Bucking pressure from his party to heal the rifts of a bitter primary, Gingrich did not offer a clear endorsement of Mitt Romney, the presumptive Republican nominee. “I’m asked sometimes, is Mitt Romney conservative enough? And my answer is simple: compared to Barack Obama?” Gingrich said. “This is not a choice between Mitt Romney and Ronald Reagan.” In a long list of tepid Romney endorsements, his was the most begrudging, if it was even an endorsement at all.

While Gingrich’s couldn’t bring himself to fully endorse his rival, Romney took the high road. “Newt Gingrich has brought creativity and intellectual vitality to American political life.  During the course of this campaign, Newt demonstrated both eloquence and fearlessness in advancing conservative ideas,” he said in a statement distributed by his campaign. “Although he long ago created an enduring place for himself in American history, I am confident that he will continue to make important contributions to our party and to the life of the nation. Ann and I are proud to call Newt and Callista friends and we look forward to working with them in the months and years ahead as we fight to restore America’s promise.”

As for the nature of that work, Gingrich signaled he would focus on a series of issues that came to the fore during his ragged campaign, including energy independence, American exceptionalism, religious liberty, and private Social Security savings accounts. “I am cheerfully going to take back up the issue of space,” he promised.

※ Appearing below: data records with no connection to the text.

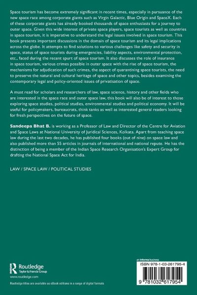 Space tourism has become extremely significant in recent times, especially in pursuance of the new space race among corporate giants such as Virgin Galactic, Blue Origin and SpaceX. Each of these corporate giants has already booked thousands of space enthusiasts for a journey to outer space. Given this wide interest of private space players, space tourists as well as countries in space tourism, it is imperative to understand the legal issues involved in space tourism. This book presents important discussions in the domain of space tourism and its legal implications across the globe. It attempts to find solutions to various challenges like safety and security in space, status of space tourists during emergencies, liability aspects, environmental protection, etc., faced during the recent spurt of space tourism. It also discusses the role of insurance in space tourism, various crimes possible in outer space with the rise of space tourism, the mechanisms for adjudication of such crimes, the aspect of quarantining space tourists, the need to preserve the natural and cultural heritage of space and other topics, besides examining the contemporary legal and policy-oriented issues of privatisation of space.
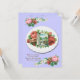 Custom wedding or baby announcement cards with vintage art of Victorian roses framed in pink and red roses and flowers on a white oval over a blue background. A hand is opening a window to reveal a sailboat on a romantic lake surrounded by trees and formal script letters for the bride and groom's name, wedding dates and location. Click Customise It to change fonts, background colours, card size and more, even save your design for later.
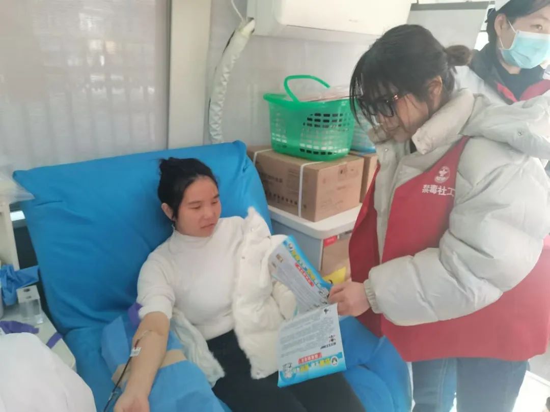 禁毒社工者们身着红色马甲,手持宣传手册,耐心地为每一位等待献血或是献完血稍作休息的党员干部群众讲解毒品危害,以本地鲜活案例为切入点,讲述因一时好奇沾染毒品,最终失去健康、倾家荡产甚至走向犯罪深渊的真实故事,让抽象“禁毒”概念化作具象警钟长鸣于心。
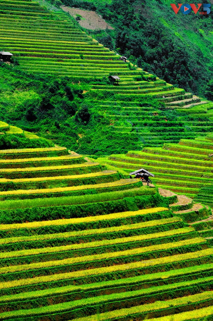 | Toda la escena natural crea imágenes brillantes, atrayendo a turistas nacionales y extranjeros a viajar y tomar hermosas fotos del país y de la gente de Vietnam. |
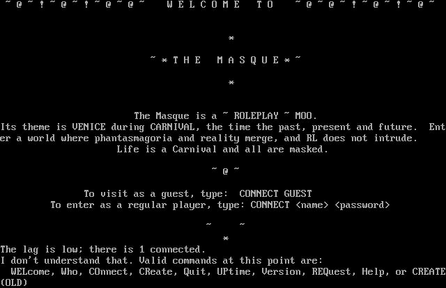 ~ @ ~ ! ~ @ ~ ! ~ @ ~ @ ~ W E L C O M E T O ~ @ ~ @ ~ ! ~ @ ~ ! ~ @ ~ \* ~ \* T H E M A S Q U E \* ~ \* The Masque is a ~ ROLEPLAY ~ MOO. Its theme is VENICE during CARNIVAL, the time the past, present and future. Enter a world where phantasmagoria and reality merge, and RL does not intrude. Life is a Carnival and all are masked. ~ @ ~ To visit as a guest, type: CONNECT GUEST To enter as a regular player, type: CONNECT <name> <password> ~ ~ \* The lag is low; there is 1 connected. I don't understand that. Valid commands at this point are: WELcome, Who, COnnect, CReate, Quit, UPtime, Version, REQuest, Help, or CREATE(OLD)
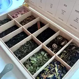 Alongside premium tea, elegant savory items and vibrant sweets are served.

From reviving his documentary production enterprise to touring the country in service to conservative principles, Gingrich’s post-campaign plans sounded exhausting. “The election is just an interim step, and then you have the next struggle,” he said.

Cable commentators panned Gingrich’s final act. “One of the worst farewells I’ve ever seen,” declared Republican strategist Ed Rollins. But it was quintessential Gingrich, encapsulating the eclectic nature of Gingrich’s interests, both high-minded and low. He careened from unemployment compensation to religious liberty, the Federalist papers to silly digs about Saudi kings. For all his faults, Gingrich remains one of the leading voices the party has, and he left little doubt that he isn’t planning to exit the national stage. “He still has a lot to contribute to the national debate,” says Republican strategist Scott Reed. Certainly Gingrich thinks so.